* **Task brief**:
Further down are entries; set down exactly and only the lines from the one with "Daniele Zanettovitch Suite" up to and including the one with "Let’s just get", dropping each picture.
(Entries supplied)
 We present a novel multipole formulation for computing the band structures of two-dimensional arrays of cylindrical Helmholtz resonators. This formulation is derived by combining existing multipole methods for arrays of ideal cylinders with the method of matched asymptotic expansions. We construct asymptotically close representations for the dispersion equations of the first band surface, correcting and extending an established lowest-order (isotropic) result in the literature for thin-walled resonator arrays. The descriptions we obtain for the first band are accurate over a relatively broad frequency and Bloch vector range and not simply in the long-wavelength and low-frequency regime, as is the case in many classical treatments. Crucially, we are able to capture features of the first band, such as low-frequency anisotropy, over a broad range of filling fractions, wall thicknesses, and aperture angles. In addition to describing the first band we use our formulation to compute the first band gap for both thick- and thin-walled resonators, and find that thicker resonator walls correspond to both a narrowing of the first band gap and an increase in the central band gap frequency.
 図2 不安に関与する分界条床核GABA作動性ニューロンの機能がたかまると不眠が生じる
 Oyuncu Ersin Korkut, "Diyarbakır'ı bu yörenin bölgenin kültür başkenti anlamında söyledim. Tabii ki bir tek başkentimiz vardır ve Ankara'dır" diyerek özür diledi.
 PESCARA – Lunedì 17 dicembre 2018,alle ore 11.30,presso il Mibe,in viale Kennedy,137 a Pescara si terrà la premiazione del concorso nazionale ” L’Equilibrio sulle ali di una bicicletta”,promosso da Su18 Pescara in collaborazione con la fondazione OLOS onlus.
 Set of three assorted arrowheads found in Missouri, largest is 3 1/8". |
(End Entries supplied)
(Entries supplied)
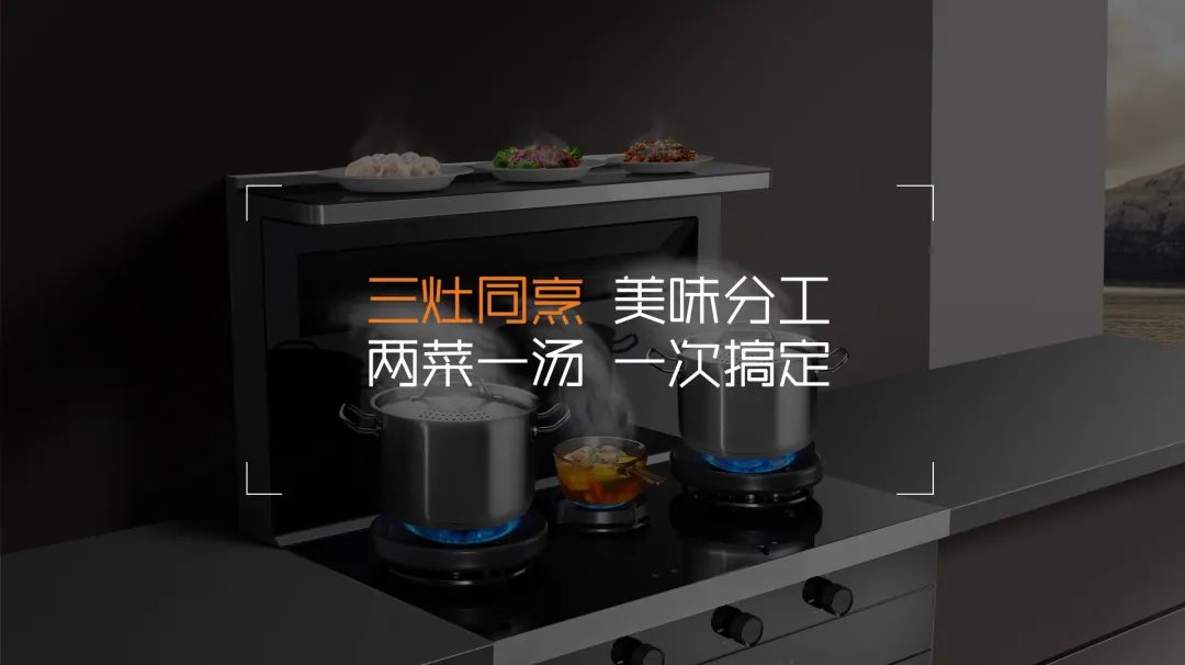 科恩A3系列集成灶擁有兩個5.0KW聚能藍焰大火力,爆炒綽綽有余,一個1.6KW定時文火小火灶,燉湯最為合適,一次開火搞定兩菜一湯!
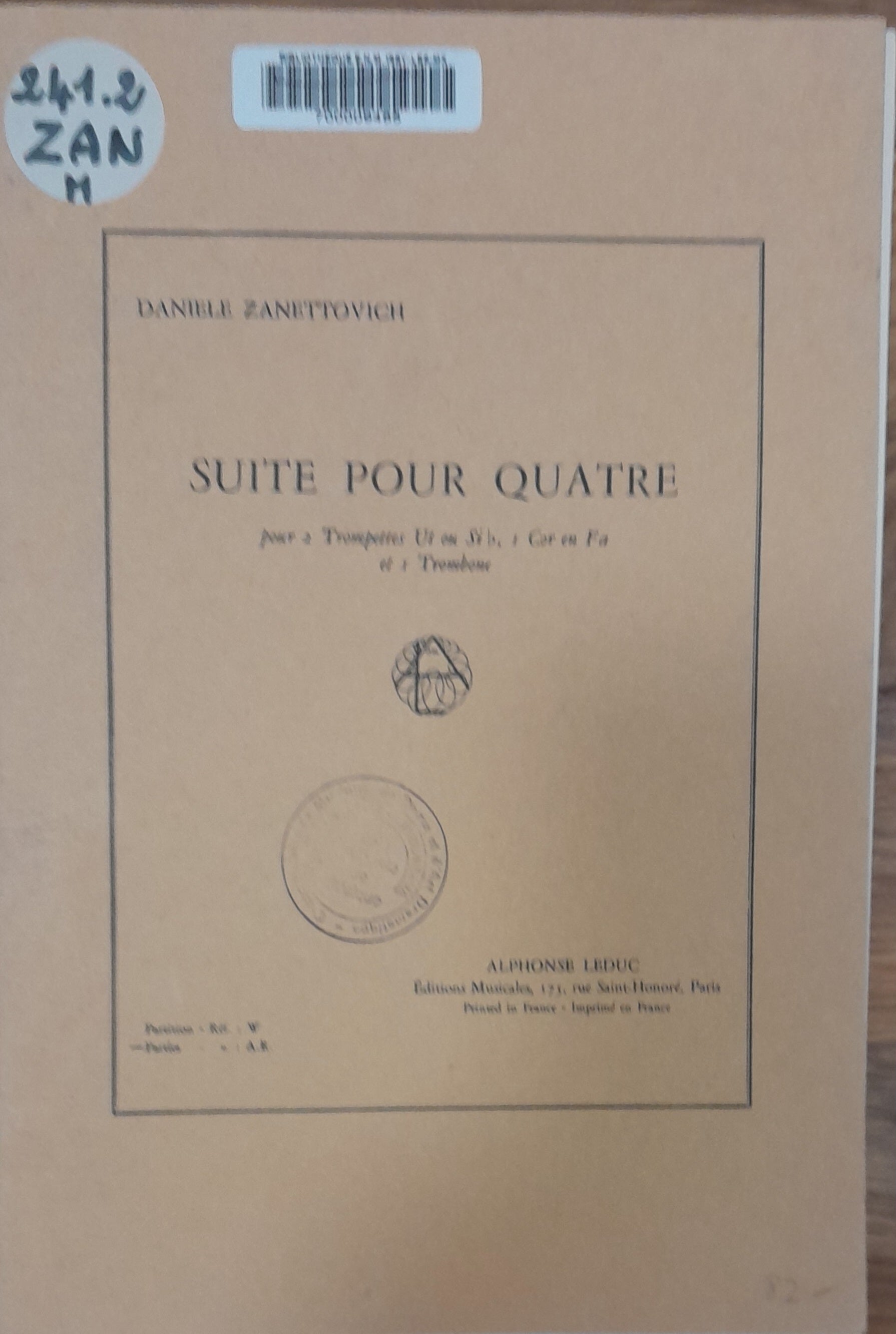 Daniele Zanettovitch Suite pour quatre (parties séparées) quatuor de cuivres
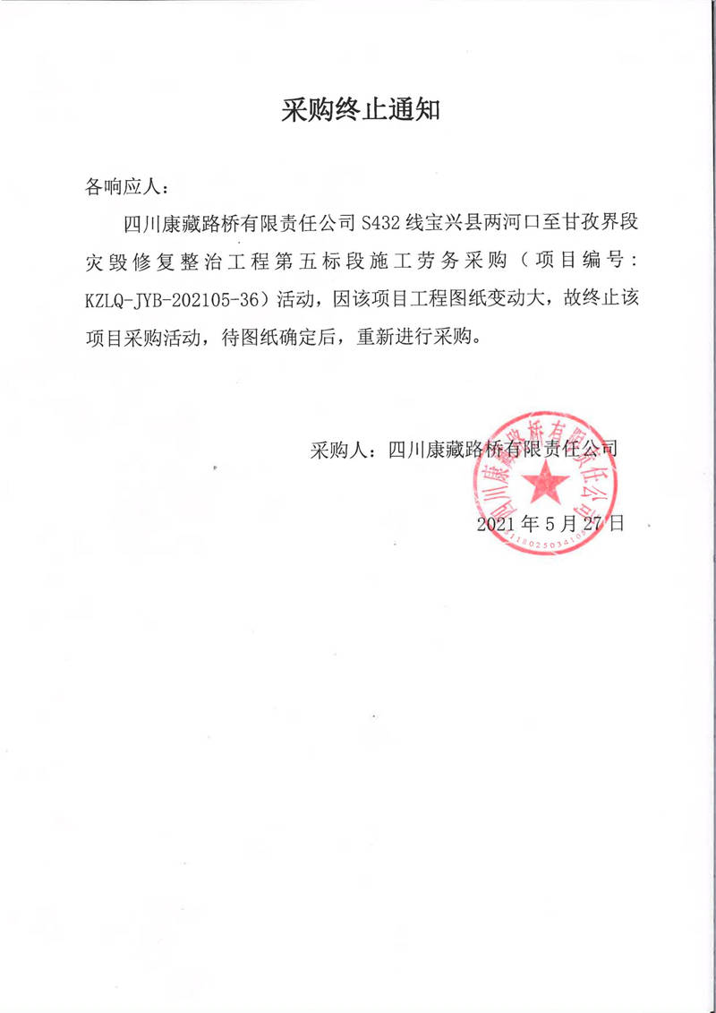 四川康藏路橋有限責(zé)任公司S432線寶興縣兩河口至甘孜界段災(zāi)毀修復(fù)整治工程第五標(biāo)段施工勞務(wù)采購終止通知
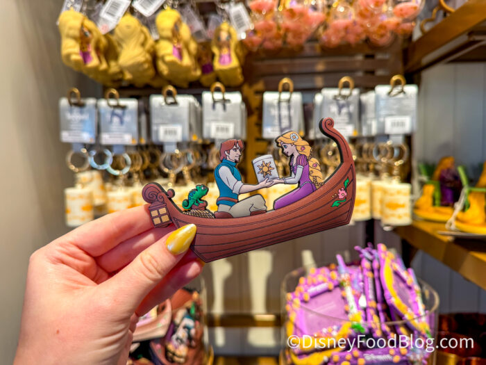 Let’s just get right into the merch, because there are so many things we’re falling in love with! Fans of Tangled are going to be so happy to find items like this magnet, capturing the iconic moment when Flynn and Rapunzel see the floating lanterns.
(End Entries supplied)
* **Answer**:
 Daniele Zanettovitch Suite pour quatre (parties séparées) quatuor de cuivres
 四川康藏路橋有限責(zé)任公司S432線寶興縣兩河口至甘孜界段災(zāi)毀修復(fù)整治工程第五標(biāo)段施工勞務(wù)采購終止通知
 Let’s just get right into the merch, because there are so many things we’re falling in love with! Fans of Tangled are going to be so happy to find items like this magnet, capturing the iconic moment when Flynn and Rapunzel see the floating lanterns.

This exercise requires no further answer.